A comparison of survival in patients with hepatocellular carcinoma and portal vein invasion treated by radioembolization or sorafenib

Liver Int. 2016 Aug;36(8):1206-12. doi: 10.1111/liv.13098. Epub 2016 Mar 23.

Abstract

Background & aims: Sorafenib (SOR) is the standard of care for patients with hepatocellular carcinoma (HCC) and portal vein invasion (PVI), based on the results of phase 3 trials. However, radioembolization (RE) using yttrium-90 microspheres has been shown to achieve higher response rates and better survival in large cohorts and phase 2 trials. This study aimed to compare survival of HCC patients with PVI treated by RE or SOR.

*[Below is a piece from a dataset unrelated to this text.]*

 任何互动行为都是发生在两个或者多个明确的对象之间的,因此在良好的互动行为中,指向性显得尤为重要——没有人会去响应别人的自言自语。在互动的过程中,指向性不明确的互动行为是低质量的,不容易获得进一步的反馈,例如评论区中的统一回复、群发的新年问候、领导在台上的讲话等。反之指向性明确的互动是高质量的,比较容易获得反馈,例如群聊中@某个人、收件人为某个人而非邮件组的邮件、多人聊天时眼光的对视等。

Methods: Survival among patients with HCC and PVI treated with RE or SOR in four Spanish hospitals between 2005 and 2013 was analysed retrospectively. Kaplan-Meier survival curves were plotted and baseline variables tested for prognostic value using the log-rank test. A multivariate prognostic model including variables identified in the univariate analysis and adjusted by a propensity score based on factors that may determine the probability of exposure to RE was generated using Cox regression analyses.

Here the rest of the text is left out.